Explanatory Memorandum(Circulated by authority of the Treasurer, the Hon. P.J. Keating, M.P.)
The main features of the Bill are as follows.
This Bill will replace, with effect from the commencement of the 1987-88 year of income, the various unilateral double taxation relief arrangements of the income tax law with a world-wide general foreign tax credit system.
Under this system, the foreign source income derived by Australian resident individuals (apart from certain salary and wages - see below) and by Australian resident companies will be subjected to Australian income tax. Credit, up to the amount of the Australian income tax referable to the relevant foreign income, will be allowed against the Australian tax payable for analogous foreign tax that is paid by the Australian resident on the foreign income.
To that end, the Bill will make two major changes to the present income tax law. First, it will repeal paragraph 23(q) of the Income Tax Assessment Act 1936 (the "Assessment Act") which now generally provides that, with certain exceptions (notably dividends and income other than salary and wages from Papua New Guinea), the foreign source income of Australian residents is exempt from Australian income tax if it is not exempt from income tax in the foreign country.
Notwithstanding the repeal of paragraph 23(q), salary or wages earned overseas that is subject to tax in the country of source will continue to be fully exempt from Australian income tax, but only where derived by the Australian taxpayer in performing the relevant duties overseas for a continuous period of at least 12 months. A proportionate exemption will apply where the period of service is from 3 to 12 months. The existing provisions for exempting from Australian tax the remuneration of Australian residents working overseas on approved projects will be retained.
However, the exempted foreign earnings of employees (including earnings by consultants on approved projects) will be taken into account in calculating the appropriate rate of Australian tax on other income, so that exemption of the foreign earnings will not also reduce the tax payable on the other income.

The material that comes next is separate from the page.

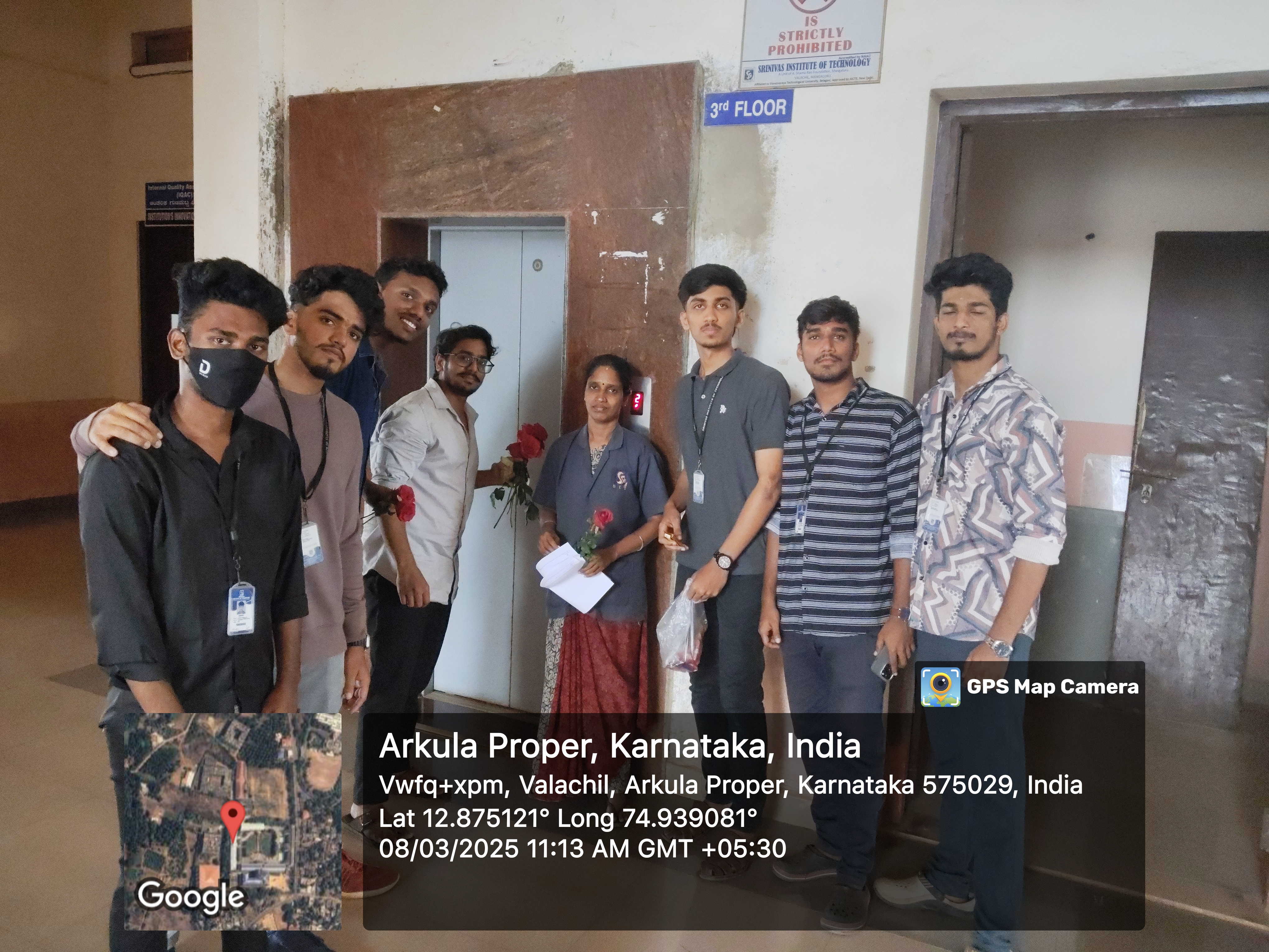 On **March 8, 2025**, the **Women’s Cell** in association with **IIC** organized a **Women’s Day Celebration** at **Srinivas Institute of Technology**. The event featured **Smt. Kamala, Sub Inspector of Police, Rural Police Station, Mangaluru**, as the **Chief Guest**, and was presided over by **Dr. Shrinivasa Mayya D, Principal, SIT**. The session focused on **Personal Safety and Women Empowerment**, inspiring students from **Engineering, MBA, and MCA** programs.

Foreign earnings that are not exempt from tax in the above cases will be subject to the general foreign tax credit system.
The other major change to be made to the present law by the Bill is the withdrawal, in relation to dividends received by an Australian resident company from an overseas company, of the rebate provided by section 46 of the Assessment Act. That rebate effectively operates to exempt from Australian tax all dividends received by an Australian resident company. Under the general foreign tax credit system, foreign dividends will be subject to tax in Australia, with credit being allowed for foreign tax paid on those dividends including, in the case of subsidiary companies, tax paid on the profits out of which the dividends are paid.
Particular features of the foreign tax credit system are described below.
The foreign taxes for which credit is to be allowed include those imposed by central, State and local governments provided such taxes are equivalent in nature to Australia's income tax. On this basis, credit will not be allowed for foreign unitary taxes or other taxes of that kind.
Certain foreign-source interest income will be quarantined, with separate foreign tax credit limits.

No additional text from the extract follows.